The Badger Series – Paul Tarragó

Canteen Gallery 2 FlatScreen

A cycle of eight short videos broadcasting intermittently throughout Spring/Summer 2010.

The Badger Series plays within the familiar format of an imagined children’s television show. Mr Paul and his household menagerie of puppets explore the big issues of existence with the inquisitive sincerity of a learning programme.

Trailer – Episodes 5 to 8 of the Badger Series from Paul A Tarrago on Vimeo.

Episode 1:
The sight of a model skeleton unearths a memory in the Badger that he has repressed all these years, prompting him to ask some pretty tricky questions about life, death and self-sacrifice. (11.5 mins)
Episode 2:
The Badger and the Squirrel relay the world through a lens. (9.5 mins)
Episode 3:
A sudden dilemma, a plummet of spirits and the necessity of rallying round. (13.5 mins)
Episode 4:
Extended dream sequence intended as a balance for the weightier themes of Episode 3. (6.5 mins)
Episode 5:
A surprise visitor in the garden sets the household to thinking about their origins. (14.5 mins)
Episode 6:
Back to nature after a glut of technology, which leads to discussions of Henry David Thoreau, sexuality, and a moral dilemma. (13.5 mins)
Episode 7:
Whilst making a public information film the household becomes fascinated by a prop microscope and the window it opens onto the world of microbes. (11 mins)
Episode 8:
The story behind Gustav the Dancing Robot and a consideration of identity and belonging. Book Club title: Frankenstein. (12 mins)

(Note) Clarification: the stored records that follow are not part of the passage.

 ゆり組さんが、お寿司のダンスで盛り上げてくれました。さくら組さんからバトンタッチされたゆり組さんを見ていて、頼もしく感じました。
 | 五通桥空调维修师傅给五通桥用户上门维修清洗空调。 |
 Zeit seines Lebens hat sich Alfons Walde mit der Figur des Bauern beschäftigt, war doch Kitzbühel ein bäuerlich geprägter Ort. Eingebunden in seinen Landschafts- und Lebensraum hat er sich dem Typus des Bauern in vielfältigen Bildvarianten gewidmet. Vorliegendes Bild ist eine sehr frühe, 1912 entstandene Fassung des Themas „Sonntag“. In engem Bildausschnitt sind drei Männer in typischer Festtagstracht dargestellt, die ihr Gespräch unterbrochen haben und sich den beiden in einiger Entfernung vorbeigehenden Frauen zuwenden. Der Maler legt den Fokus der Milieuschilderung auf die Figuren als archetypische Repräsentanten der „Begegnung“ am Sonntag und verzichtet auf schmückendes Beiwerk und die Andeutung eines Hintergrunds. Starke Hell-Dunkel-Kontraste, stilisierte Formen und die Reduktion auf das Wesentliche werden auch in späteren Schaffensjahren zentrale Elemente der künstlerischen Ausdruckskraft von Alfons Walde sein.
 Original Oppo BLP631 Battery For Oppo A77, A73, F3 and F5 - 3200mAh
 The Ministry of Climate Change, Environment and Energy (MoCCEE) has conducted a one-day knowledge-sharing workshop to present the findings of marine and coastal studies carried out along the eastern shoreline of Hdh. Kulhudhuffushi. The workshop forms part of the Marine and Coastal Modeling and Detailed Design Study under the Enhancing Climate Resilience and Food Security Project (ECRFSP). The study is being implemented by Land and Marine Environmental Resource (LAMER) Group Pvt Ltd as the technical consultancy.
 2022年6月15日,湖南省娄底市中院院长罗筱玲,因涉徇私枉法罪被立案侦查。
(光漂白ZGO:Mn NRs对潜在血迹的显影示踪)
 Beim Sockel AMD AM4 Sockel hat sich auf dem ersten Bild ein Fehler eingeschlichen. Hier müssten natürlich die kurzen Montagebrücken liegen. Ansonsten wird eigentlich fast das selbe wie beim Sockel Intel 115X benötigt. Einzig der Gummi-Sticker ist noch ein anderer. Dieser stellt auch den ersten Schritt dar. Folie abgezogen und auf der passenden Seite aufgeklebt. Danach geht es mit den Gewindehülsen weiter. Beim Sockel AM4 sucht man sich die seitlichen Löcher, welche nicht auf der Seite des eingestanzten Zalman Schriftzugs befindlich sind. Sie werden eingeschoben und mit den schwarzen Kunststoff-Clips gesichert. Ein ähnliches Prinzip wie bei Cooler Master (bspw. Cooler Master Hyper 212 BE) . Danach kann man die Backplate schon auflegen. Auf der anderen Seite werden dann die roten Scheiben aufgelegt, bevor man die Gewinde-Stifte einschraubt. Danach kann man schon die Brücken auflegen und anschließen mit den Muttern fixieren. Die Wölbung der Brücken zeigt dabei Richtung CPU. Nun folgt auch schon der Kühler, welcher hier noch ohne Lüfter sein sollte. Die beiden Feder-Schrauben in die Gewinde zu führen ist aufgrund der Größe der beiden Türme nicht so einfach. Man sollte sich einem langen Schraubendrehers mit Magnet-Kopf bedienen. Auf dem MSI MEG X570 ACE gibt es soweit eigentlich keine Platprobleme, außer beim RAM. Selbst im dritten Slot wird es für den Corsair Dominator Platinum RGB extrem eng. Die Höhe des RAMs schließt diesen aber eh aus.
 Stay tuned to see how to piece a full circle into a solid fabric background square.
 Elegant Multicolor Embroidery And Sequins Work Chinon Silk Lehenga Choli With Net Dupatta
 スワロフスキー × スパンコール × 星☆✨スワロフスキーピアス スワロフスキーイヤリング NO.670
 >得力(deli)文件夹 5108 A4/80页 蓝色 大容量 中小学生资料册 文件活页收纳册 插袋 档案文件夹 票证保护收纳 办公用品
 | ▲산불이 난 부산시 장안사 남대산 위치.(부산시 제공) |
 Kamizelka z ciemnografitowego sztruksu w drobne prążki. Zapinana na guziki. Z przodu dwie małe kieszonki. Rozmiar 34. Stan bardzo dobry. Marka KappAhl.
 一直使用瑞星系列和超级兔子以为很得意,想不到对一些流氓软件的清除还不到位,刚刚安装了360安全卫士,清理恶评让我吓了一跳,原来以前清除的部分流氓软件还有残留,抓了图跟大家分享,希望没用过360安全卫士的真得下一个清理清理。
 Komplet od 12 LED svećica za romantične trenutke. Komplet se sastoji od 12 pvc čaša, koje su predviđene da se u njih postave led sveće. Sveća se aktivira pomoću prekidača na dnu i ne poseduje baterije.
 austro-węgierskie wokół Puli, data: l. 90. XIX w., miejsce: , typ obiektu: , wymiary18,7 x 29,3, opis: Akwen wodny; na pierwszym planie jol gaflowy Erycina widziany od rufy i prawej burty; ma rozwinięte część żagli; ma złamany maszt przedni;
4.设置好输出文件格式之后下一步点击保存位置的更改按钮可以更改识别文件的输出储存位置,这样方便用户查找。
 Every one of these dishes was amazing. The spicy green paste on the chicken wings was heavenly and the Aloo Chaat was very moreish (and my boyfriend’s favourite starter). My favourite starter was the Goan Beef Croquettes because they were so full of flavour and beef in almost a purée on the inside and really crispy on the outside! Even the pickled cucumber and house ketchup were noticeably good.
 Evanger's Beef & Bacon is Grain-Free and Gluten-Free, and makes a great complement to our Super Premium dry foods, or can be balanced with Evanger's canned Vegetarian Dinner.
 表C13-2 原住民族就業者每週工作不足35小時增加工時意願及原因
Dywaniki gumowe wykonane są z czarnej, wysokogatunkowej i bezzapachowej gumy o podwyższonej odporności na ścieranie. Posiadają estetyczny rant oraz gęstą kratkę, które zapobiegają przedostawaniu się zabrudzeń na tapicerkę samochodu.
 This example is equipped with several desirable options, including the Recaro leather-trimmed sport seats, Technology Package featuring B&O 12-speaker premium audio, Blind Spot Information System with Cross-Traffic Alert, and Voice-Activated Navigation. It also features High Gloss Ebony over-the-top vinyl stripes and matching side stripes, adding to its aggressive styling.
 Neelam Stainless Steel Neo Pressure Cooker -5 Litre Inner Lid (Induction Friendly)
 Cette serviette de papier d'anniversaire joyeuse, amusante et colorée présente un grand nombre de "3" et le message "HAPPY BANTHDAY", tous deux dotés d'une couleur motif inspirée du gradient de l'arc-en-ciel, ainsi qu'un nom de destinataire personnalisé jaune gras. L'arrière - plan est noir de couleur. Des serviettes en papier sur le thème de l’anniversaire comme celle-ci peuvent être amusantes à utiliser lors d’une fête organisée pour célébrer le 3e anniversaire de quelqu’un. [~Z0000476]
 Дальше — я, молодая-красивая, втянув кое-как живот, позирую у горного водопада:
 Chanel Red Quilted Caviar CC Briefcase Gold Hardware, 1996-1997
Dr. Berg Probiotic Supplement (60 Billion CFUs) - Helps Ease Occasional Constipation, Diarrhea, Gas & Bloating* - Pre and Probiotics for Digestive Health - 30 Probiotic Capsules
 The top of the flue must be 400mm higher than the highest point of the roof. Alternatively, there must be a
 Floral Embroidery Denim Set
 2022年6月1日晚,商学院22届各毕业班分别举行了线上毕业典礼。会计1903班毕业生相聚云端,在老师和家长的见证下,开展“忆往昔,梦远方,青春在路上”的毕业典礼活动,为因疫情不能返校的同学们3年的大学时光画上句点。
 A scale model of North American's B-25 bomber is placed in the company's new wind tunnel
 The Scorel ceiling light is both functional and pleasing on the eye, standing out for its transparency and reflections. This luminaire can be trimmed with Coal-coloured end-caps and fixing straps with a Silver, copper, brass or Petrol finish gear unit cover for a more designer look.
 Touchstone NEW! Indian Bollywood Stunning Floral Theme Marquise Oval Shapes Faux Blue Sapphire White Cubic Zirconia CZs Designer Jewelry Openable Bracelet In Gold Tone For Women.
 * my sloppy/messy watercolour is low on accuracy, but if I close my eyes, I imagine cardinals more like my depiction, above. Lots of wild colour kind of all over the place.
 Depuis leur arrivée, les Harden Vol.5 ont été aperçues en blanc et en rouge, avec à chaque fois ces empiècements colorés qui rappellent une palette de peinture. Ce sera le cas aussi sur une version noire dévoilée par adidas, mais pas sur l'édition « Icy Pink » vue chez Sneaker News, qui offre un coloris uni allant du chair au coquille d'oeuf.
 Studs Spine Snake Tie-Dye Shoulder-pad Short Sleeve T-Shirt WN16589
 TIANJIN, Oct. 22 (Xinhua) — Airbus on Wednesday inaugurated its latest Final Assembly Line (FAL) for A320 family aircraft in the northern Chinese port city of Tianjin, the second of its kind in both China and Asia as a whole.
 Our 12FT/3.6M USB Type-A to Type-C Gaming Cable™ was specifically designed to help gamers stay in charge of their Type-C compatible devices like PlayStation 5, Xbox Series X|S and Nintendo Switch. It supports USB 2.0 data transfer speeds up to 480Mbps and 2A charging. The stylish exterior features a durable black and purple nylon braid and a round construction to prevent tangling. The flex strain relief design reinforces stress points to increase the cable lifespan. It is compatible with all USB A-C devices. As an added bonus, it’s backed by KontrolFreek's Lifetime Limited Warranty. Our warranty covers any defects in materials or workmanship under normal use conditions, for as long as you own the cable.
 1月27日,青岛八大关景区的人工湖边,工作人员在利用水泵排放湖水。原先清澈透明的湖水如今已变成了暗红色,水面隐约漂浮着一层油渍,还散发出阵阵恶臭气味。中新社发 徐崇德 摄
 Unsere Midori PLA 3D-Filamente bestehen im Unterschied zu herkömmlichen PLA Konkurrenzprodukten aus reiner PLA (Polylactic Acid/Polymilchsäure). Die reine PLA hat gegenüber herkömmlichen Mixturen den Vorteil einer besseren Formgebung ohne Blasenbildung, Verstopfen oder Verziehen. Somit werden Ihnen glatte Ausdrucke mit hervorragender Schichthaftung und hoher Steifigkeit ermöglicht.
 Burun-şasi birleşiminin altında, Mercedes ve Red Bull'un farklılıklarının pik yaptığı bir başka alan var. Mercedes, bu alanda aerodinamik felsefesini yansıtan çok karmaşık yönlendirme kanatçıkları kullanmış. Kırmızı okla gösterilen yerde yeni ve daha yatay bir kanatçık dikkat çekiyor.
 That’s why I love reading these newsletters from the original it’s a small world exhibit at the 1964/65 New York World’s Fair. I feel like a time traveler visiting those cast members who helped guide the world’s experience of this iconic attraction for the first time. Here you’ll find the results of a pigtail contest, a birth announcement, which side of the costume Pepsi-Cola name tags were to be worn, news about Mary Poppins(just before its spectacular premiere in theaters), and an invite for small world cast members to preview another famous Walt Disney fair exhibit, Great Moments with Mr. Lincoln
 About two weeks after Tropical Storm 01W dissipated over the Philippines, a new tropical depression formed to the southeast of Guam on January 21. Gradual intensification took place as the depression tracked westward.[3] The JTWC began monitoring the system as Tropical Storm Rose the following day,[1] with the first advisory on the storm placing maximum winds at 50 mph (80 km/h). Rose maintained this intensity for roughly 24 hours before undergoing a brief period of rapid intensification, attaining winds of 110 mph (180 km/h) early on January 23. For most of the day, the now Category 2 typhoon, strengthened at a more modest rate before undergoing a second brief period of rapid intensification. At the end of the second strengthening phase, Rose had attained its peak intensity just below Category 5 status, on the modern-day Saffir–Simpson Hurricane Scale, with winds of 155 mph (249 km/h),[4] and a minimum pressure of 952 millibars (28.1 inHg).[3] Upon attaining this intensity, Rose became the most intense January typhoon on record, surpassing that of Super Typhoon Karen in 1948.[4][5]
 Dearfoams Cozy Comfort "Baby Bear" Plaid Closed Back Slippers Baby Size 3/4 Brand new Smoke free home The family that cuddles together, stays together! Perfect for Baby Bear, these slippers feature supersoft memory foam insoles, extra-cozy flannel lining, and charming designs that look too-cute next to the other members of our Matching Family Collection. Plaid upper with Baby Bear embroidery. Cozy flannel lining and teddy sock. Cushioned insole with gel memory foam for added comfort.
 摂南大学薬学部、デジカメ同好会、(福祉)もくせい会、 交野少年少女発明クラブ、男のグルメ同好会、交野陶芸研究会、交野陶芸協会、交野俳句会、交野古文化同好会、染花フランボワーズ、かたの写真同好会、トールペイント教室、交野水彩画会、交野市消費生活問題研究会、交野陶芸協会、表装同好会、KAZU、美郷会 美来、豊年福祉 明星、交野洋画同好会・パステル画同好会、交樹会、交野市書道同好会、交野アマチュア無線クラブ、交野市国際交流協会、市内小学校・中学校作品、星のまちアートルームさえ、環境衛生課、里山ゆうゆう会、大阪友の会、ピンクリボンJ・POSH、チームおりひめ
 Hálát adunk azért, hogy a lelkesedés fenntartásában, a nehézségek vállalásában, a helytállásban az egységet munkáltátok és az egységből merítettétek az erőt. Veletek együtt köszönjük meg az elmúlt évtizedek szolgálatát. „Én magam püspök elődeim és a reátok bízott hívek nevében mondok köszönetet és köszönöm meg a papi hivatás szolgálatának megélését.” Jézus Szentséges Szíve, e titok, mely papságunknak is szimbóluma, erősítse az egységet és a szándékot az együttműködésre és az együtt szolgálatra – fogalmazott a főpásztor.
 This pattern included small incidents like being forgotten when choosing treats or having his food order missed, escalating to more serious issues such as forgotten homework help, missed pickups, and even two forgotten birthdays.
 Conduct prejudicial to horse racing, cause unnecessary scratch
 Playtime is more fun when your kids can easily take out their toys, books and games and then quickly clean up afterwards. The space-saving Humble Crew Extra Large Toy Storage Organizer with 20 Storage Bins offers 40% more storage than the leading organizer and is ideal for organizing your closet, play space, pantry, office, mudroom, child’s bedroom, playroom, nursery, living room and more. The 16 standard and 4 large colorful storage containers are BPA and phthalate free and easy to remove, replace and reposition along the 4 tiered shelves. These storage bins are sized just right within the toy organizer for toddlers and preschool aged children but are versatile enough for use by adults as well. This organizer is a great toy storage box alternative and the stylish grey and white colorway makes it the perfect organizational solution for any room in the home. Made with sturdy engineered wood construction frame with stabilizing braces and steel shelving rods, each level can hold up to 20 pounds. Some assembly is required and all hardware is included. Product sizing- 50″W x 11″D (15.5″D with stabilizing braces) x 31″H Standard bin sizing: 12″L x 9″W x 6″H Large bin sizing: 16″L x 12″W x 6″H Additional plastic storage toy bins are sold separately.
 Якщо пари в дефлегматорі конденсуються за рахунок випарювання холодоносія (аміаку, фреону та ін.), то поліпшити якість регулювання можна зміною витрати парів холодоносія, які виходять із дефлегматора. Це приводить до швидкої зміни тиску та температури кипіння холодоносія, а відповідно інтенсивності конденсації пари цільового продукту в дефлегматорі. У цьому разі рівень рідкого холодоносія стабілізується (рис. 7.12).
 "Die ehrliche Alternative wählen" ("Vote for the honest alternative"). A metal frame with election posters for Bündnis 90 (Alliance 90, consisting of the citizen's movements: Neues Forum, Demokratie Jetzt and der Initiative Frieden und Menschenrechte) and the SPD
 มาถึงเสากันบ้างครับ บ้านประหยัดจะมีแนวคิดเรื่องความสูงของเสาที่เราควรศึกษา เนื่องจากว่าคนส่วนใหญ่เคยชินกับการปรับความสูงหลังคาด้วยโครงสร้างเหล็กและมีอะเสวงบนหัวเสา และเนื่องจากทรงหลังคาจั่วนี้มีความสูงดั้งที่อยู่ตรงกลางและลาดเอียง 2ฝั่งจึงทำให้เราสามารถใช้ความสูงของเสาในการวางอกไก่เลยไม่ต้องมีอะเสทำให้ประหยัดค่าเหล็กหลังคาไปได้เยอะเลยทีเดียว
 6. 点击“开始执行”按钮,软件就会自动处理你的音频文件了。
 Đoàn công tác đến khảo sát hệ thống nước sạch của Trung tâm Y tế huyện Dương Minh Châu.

Paul Tarragó is a London based artist-filmmaker working in both video and celluloid. Meta-fictional in nature, his work experiments with the familiar language and narrative of film. Tarragó has previously exhibited in UK and International venues including South London Gallery, Brooklyn Museum of Art, ArtSway, CCA Glasgow, Pompidou Centre (Paris), Moscow International Film Festival and Haus der Kulturen der Welt (Berlin).

Programmed all the year round with new or seminal work from artists working with moving image, FlatScreen is the digital plane in Gallery Two that allows us to move fast and react to new possibilities.